• **Exercise requirements**:
Down to the last word, output the records below, skipping any images.

• **Stored data entries**:
----------------------------------------
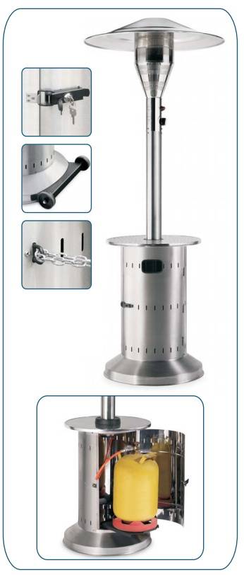 Газовый обогреватель Enders COMMERCIAL выполнен из высококачественной сатинированной стали не чувствительной к погодным условиям. Подставка очень практична, на нее можно поставить бокал или что-то еще. Мощность в 14 кВт создает приятное тепло, которое вы, безусловно, оцените в по-настоящему прохладные дни. Извлекаемая полка для газового баллона делает возможной удобную смену баллона, а опускаемая стойка – обеспечивает компактное хранение.
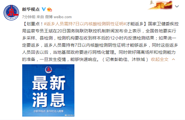 会上,国家卫健委疾控局监察专员王斌表示,全国各地要实行乡采样、县检测,检测机构要在收到样本后的12小时内反馈检测结果;如果说一定要返乡,返乡人员需持有7日以内核酸检测阴性证明才能够返乡,同时这些返乡人员回去以后,当地基层政府要进行网格化管理。同时做好隔离场所和检测能力的准备,一旦发生疫情,能够快速响应。
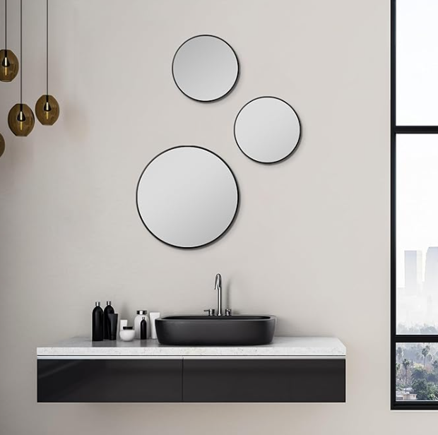 Miroir rond moderne avec cadre en alliage d'aluminium pour lavabo de salle de bain salon ou chambre entrée décoration murale
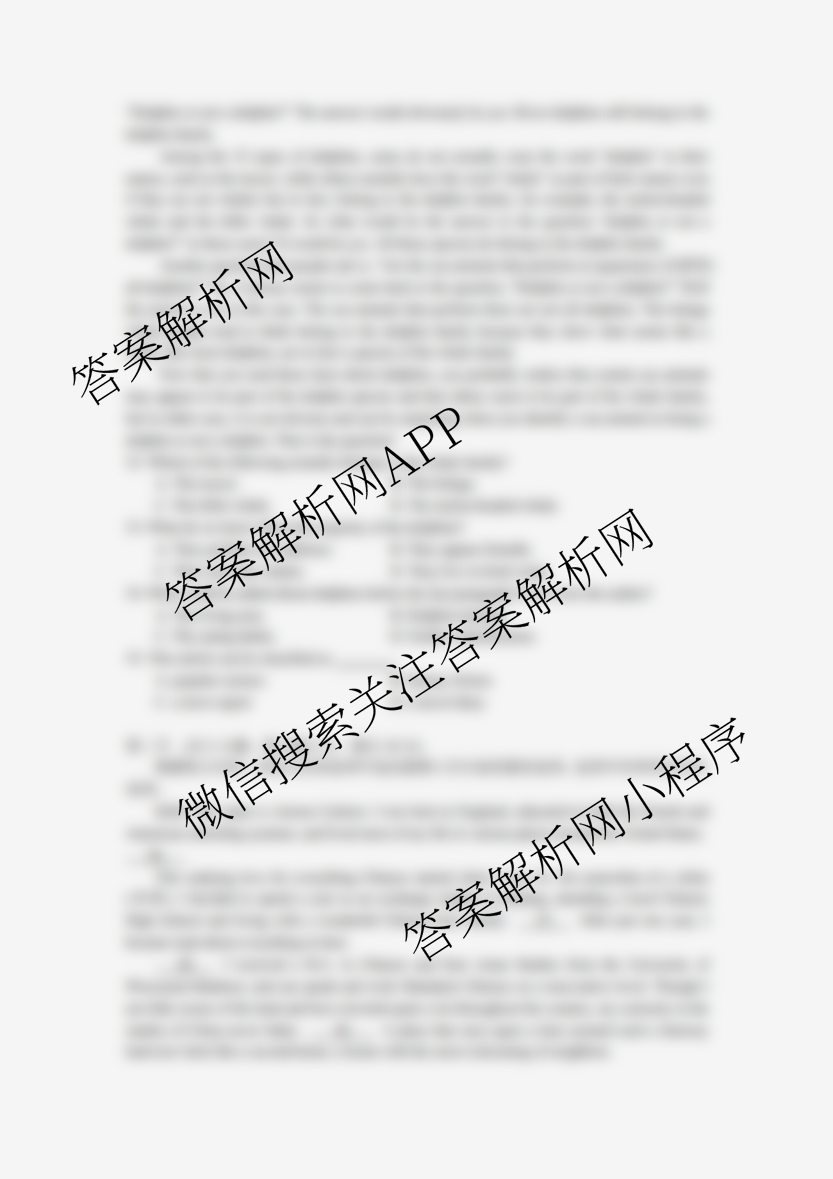 2020年武汉市高三网络质量检测英语试题,目前2026届炎德英才大联考答案网已经汇总了2020年武汉市高三网络质量检测英语试题的各科答案和试卷,获取更多大学课后答案答案解析,请在关注本站。
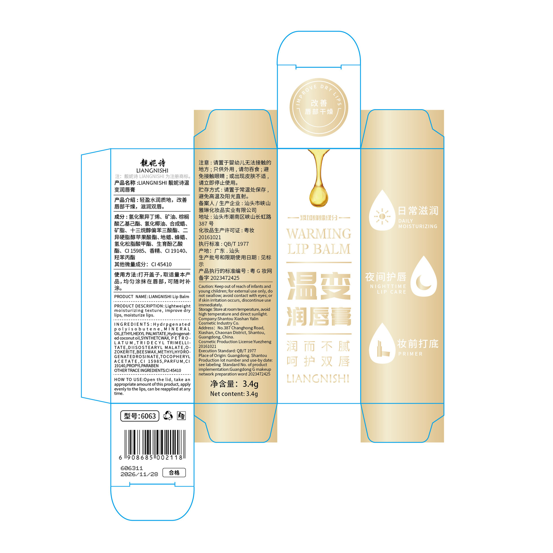 | nameOriginal | Liangnishi temperature change moisturizing lip balm hydrating moisturizing fade lip lines Anti-cracking lip care color changing lip balm |
----------------------------------------
• **Response below**:
 Газовый обогреватель Enders COMMERCIAL выполнен из высококачественной сатинированной стали не чувствительной к погодным условиям. Подставка очень практична, на нее можно поставить бокал или что-то еще. Мощность в 14 кВт создает приятное тепло, которое вы, безусловно, оцените в по-настоящему прохладные дни. Извлекаемая полка для газового баллона делает возможной удобную смену баллона, а опускаемая стойка – обеспечивает компактное хранение.
 会上,国家卫健委疾控局监察专员王斌表示,全国各地要实行乡采样、县检测,检测机构要在收到样本后的12小时内反馈检测结果;如果说一定要返乡,返乡人员需持有7日以内核酸检测阴性证明才能够返乡,同时这些返乡人员回去以后,当地基层政府要进行网格化管理。同时做好隔离场所和检测能力的准备,一旦发生疫情,能够快速响应。
 Miroir rond moderne avec cadre en alliage d'aluminium pour lavabo de salle de bain salon ou chambre entrée décoration murale
 2020年武汉市高三网络质量检测英语试题,目前2026届炎德英才大联考答案网已经汇总了2020年武汉市高三网络质量检测英语试题的各科答案和试卷,获取更多大学课后答案答案解析,请在关注本站。
 | nameOriginal | Liangnishi temperature change moisturizing lip balm hydrating moisturizing fade lip lines Anti-cracking lip care color changing lip balm |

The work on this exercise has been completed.